If you have examples of notations you are struggling with feel free to post. Perhaps make a list. Look up the latex symbols required, as in http://web.ift.uib.no/Teori/KURS/WRK/TeX/symALL.html, or a post in PF (the faq talks about latex and writing equations).

Xilor · Aug 28, 2016

The main mathematics GR is differential geometry, which can be very technical. However, for a first look in GR. you do not need to know many technicalities. A book that teaches GR without going into the geometric details, or describing spacetime as a manifold, is Weinberg's "gravitation and cosmology". This wasactuallythe first book I learned GR from, and it allowed me to learn it really early on. Later I needed to learn manifolds anyway, though.

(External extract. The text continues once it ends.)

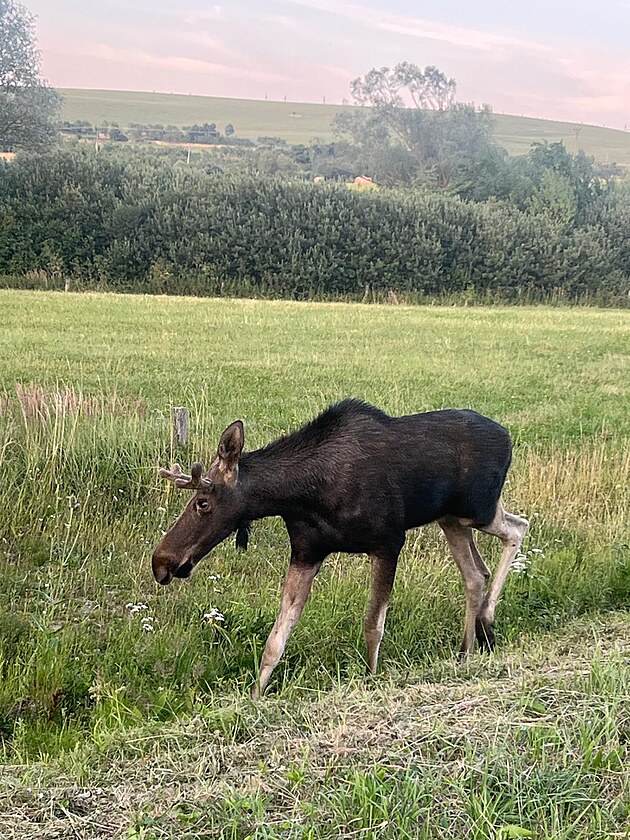 Los evropský zvaný Emil se přišel napít do rybníčku v obci Korytná na Uherskohradišťsku.
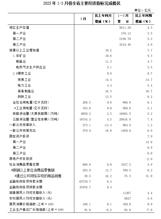 根据地区生产总值统一核算结果,一季度全省地区生产总值为5611.28亿元,按不变价格计算,同比增长4.5%。其中,第一产业增加值为170.12亿元,增长3.5%;第二产业增加值为2196.70亿元,增长5.2%;第三产业增加值为3244.46亿元,增长4.0%。

Unfortunately it's more the technical side that I'm interested in now. Conceptually most of GR seems clear, but I'm trying to work myself towards the point where I could understand and perhaps work with the field equations etc.

Lucas SV said:

If you have examples of notations you are struggling with feel free to post.

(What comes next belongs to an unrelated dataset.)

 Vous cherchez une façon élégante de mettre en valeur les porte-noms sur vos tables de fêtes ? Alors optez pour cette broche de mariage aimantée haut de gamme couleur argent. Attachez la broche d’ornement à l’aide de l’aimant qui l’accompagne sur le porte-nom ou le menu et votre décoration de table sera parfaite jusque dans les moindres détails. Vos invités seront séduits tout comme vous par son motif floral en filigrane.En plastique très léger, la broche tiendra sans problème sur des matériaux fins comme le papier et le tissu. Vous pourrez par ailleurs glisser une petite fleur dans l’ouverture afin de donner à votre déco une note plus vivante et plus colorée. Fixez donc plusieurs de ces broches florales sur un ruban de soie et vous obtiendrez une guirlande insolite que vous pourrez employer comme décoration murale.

For example, I was pointed to the Sean Caroll lectures and quickly got stuck on some of the earliest sections.
https://preposterousuniverse.com/wp-content/uploads/grnotes-one.pdf
Up to (1.8) I don't have any problems following. At (1.9) I start having trouble. It took me some time here to figure out that the x^u and x^v actually refer to vectors using all of the dimensions, rather than just meaning one value of one dimension. but ok, I got through it.
At (1.10), I have no clue why the prime goes on top of the indice and I don't know why the delta is missing now, but conceptually still no problems here.
From (1.12) I can tell what (1.11) is supposed to be, but would not have figured it out otherwise. What is happening with these indices, why is the 'u' flying over to the matrix when he just referred to multiplying by x^u what is its meaning up there at the matrix?
(1.13) makes me confident that I have no idea what is going on. What are these 'T' indices, why is this what we 'would like', how can I tell that whatever he's doing here relates to things being invariant? Where did the delta-x's suddenly come from and why do have two of them. Are the T's even behind the numbers they belong to, or are they in front? What happened to all those other indices we were using earlier? Does this no longer apply to all dimensions? What?
Then he transforms whatever that was, using a 'therefore' and an 'or' to whatever (1.15) is, and I know I should just abandon this.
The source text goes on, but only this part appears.